Program disguised as holiday greeting poses 'medium' threat

(CNN) -- Grinch-like virus writers are spreading their version of holiday cheer by embedding a variant of the so-called "Zafi" e-mail worm inside electronic greetings.

E-mails with the misspelled attachment "Happy Hollydays" arrived in inboxes Tuesday, with the subject line "Merry Christmas." A worm is hiding inside the attachment.

It propagates itself via e-mail contact lists when the attached file is opened and could render infected computers more vulnerable to spammers or hackers.

The worm spread overnight across 18 European countries, including Great Britain, France, Germany and Italy, but was not expected to make waves in the United States. The Europe-U.S. time difference gave antivirus companies stateside some breathing room.

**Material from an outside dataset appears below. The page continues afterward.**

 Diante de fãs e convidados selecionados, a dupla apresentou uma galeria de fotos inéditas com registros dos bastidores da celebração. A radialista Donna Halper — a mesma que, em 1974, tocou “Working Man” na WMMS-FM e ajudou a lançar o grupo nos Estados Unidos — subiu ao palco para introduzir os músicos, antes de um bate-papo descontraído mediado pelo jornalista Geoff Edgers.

"Zafi hit the European countries hard and fast this morning at 4 a.m. their time," said Patrick Hinojosa, CTO of the security software company Panda Software, "People open e-mail mainly at work though, so companies here in the U.S. would have already updated their virus protection by the time Americans were waking up."

Hinojosa said as soon as a virus is detected, security software companies scramble to reverse-engineer the code, create a detection file, and then send updated virus definitions out to clients. Most large corporations download the latest virus definitions in the wee hours, before employees arrive.

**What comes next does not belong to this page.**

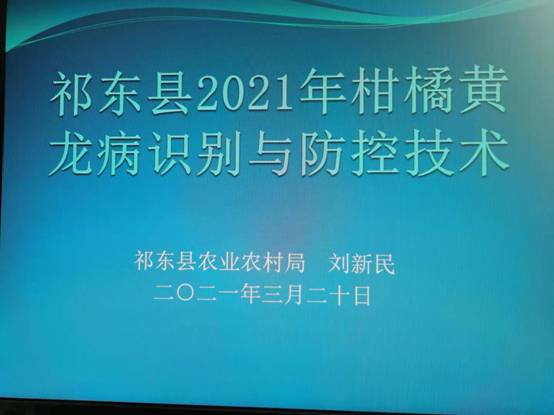 提高基层农技人员、合作社和种植大户的科技水平是促进农业产业高效发展,确保全县“虫口夺粮”保丰收行动有序推进的基础工程。3月19-20日,祁东县农业农村局在维也纳大酒店举办祁东县2021年基层农技人员能力培训会。会上,祁东县植保植检中心对2021年祁东县植保植检重点工作进行了讲解,并对柑橘黄龙病识别与防治技术作了专题讲座,参训人员包括各乡镇(街道)分管农业领导、农业综合服务中心主任、农技农机组长、种植大户和合作组织约200人 。

The first version of Zafi was detected last April. This is the fourth variant. The latest one, however, has a clever twist: It translates "Merry Christmas" into various languages as determined by the domain name. The worm knows that a .fr domain would probably be a French recipient, whereas a .de person would most likely speak German. An embedded translation program matches the domain name with the appropriate holiday greeting, thus increasing the likelihood of the recipient opening the mail.

"We call it social engineering," said Joe Hartmann, a director of North American Research at the antivirus company Trend Micro. "Are you going to open a message with Swedish text in it if you don't speak Swedish? Probably not. But you might if it were in your own language."

Hartmann said that this latest worm does not stack up to the big worms this year, such as Bagle, MyDoom and Netsky, which each had millions in distribution worldwide. Hartmann said Zafi has "only in the thousands, globally."

So far antivirus companies are issuing "medium" threat warnings, and will continue to monitor the worm's spread.